Sat, Jul 04 2009
Prices in Bulgaria fell for a second consecutive month in December to drag the full-year inflation figure to 7.8 per cent, below the eight per cent estimates announced by the Finance Ministry and Bulgarian National Bank in the summer, and well short of the 12.5 per cent figure recorded in 2007.
The consumer price index (CPI) shrank by 0.2 per cent in December, which followed a 0.1 per cent decline the previous month, preliminary data released by the National Statistical Institute (NSI) on January 13 2009 showed. Year-on-year inflation fell to 7.8 per cent, a sharp drop from the 9.1 per cent recorded a month earlier.
Deflation in December was caused by a 0.9 per cent drop in non-food prices, the second straight month of decline, and a 0.3 per cent drop in food prices. Services prices were 0.5 per cent higher for the month.
The harmonised consumer price index, the figure calculated by the statistics board for comparison with inflation in the European Union, recorded an even larger decrease, shrinking by 0.4 per cent in December, while the year-on-year inflation figure fell to 7.2 per cent. In November, the harmonised CPI fell by 0.4 per cent and was 8.8 per cent year-on-year.
The Cabinet had targeted a harmonised inflation figure of 4.5 per cent for the year, according to the macroeconomic framework used to draft the 2008 budget, and has not officially revised it.

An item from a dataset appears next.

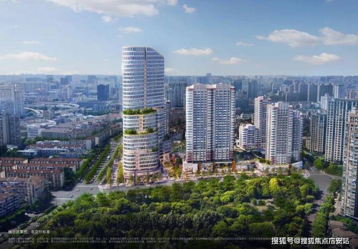 外立面方面,项目整体将打造为新海派建筑地标,设计有弧线阳台、45度玻璃、双层塔冠等,设计灵感来源于蔓楼兰;立面色调方面,将采用珐琅彩色调,具体或为珍珠蓝铝板+红色纹理+金色线条,具体材料及配色还在最终确认。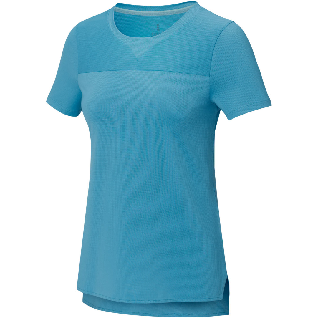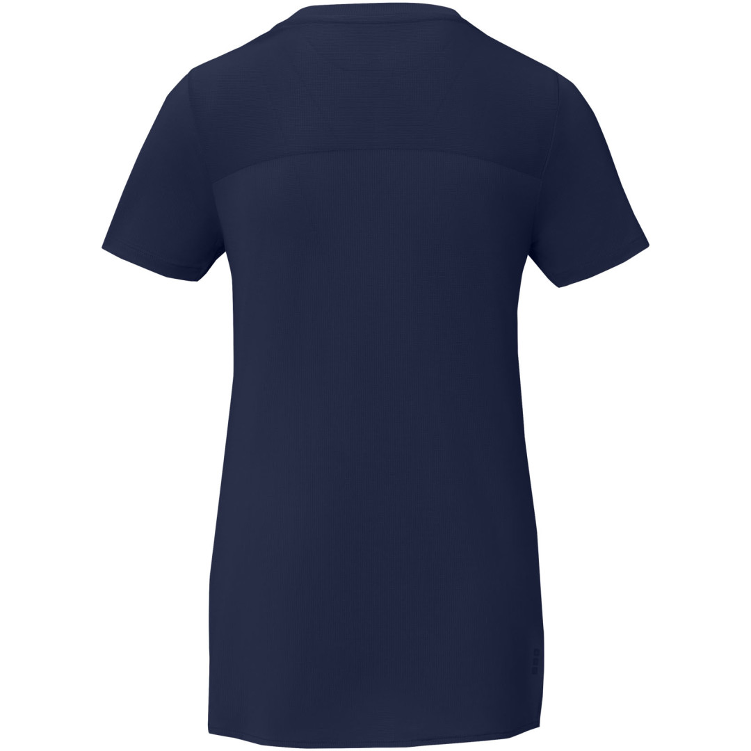 Udržitelné propagační oděvy. Kulatý výstřih s detailem ve tvaru V. Límec ve shodné tkanině. Boční rozparky. Prodloužený zadní díl. Dvoubarevná značková páska od ramene k rameni. Potisk štítku technologií heat transfer pro větší pohodlí.

But in July, the central bank said that it expected year-on-year inflation, which peaked at a ten-year high of 15.3 per cent in June, to go down in the second half of the year and reach eight per cent by end-2008, an estimate echoed by Finance Minister Plamen Oresharski.
For 2009, the Government targets inflation at 5.8 per cent on the expectations of reduced consumption as the global financial crisis will become increasingly felt in the country.